Salobir: But you can have this superpower feeling of being someone who creates something. And when it comes to topics like artificial intelligence, if one day they can create let’s say a being having any kind of self-awareness or consciousness, then you could say, “Oh, I’m the creator now. I’m no more the creature.” And yeah, what did we change in our…
Zittrain: So before hearing Maria’s view on this, if there were a March for Science (because it’s a renewable kind of thing) next week, I’m curious would you happily march and what would your sign say?
Salobir: Now, that’s a too-complicated question for me. Maria will answer.
Zittrain: Fair enough, and you can come back to it later.
Salobir: For sure.
Zittrain: Peer review it.
Zuber: So let me just say, science provides the knowledge that provides the framework for technology, okay.

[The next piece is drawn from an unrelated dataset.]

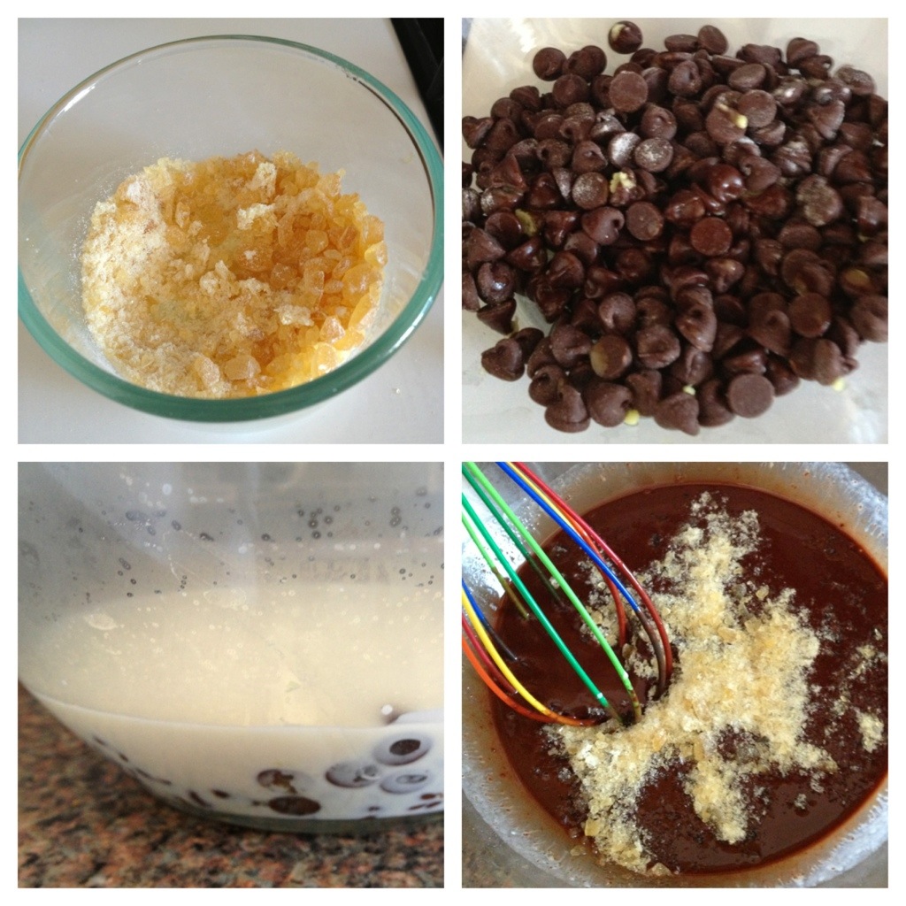 – Add the hot cream to 1 c semi/bitter-sweet chocolate chips and 1/4 tsp salt (and the juice from about an inch of grated ginger). Let it sit for a minute, and then whisk until smooth.

Technology tells us what we can do. It doesn’t tell us whether we should do it. And it doesn’t tell us what the implications are of doing it. And so clearly that’s a place where spirituality can play a role in choosing a wise path.
Zittrain: And so in your institutional role as VP of research of the greatest research institution for science and technology in the world… [Maria raises a first in the air] I could just end it right there. Would you ever find yourself looking at some massive research project about to be started here and saying, “Hey you know… Professor Frink, you need to have a values analysis or person here.” I’m not talking about an IRB—
Zuber: Well actually, we’re having this conversation a great deal. You know, we like to think at MIT that we use technology, we create technology. And one of our goals is to help the world. In fact our our campaign that’s going on right now is the Campaign for a Better World. How can we use science, technology, social science, etc. to make the world a better place? And we hear a lot about well, automation is causing people to lose their jobs and it’s causing societies to become fractured, for people’s quality of life to be stagnant or even to out to regress. And quite frankly we at MIT, we talk about this a lot and we feel like we have an institutional responsibility to be part of the solution to that problem.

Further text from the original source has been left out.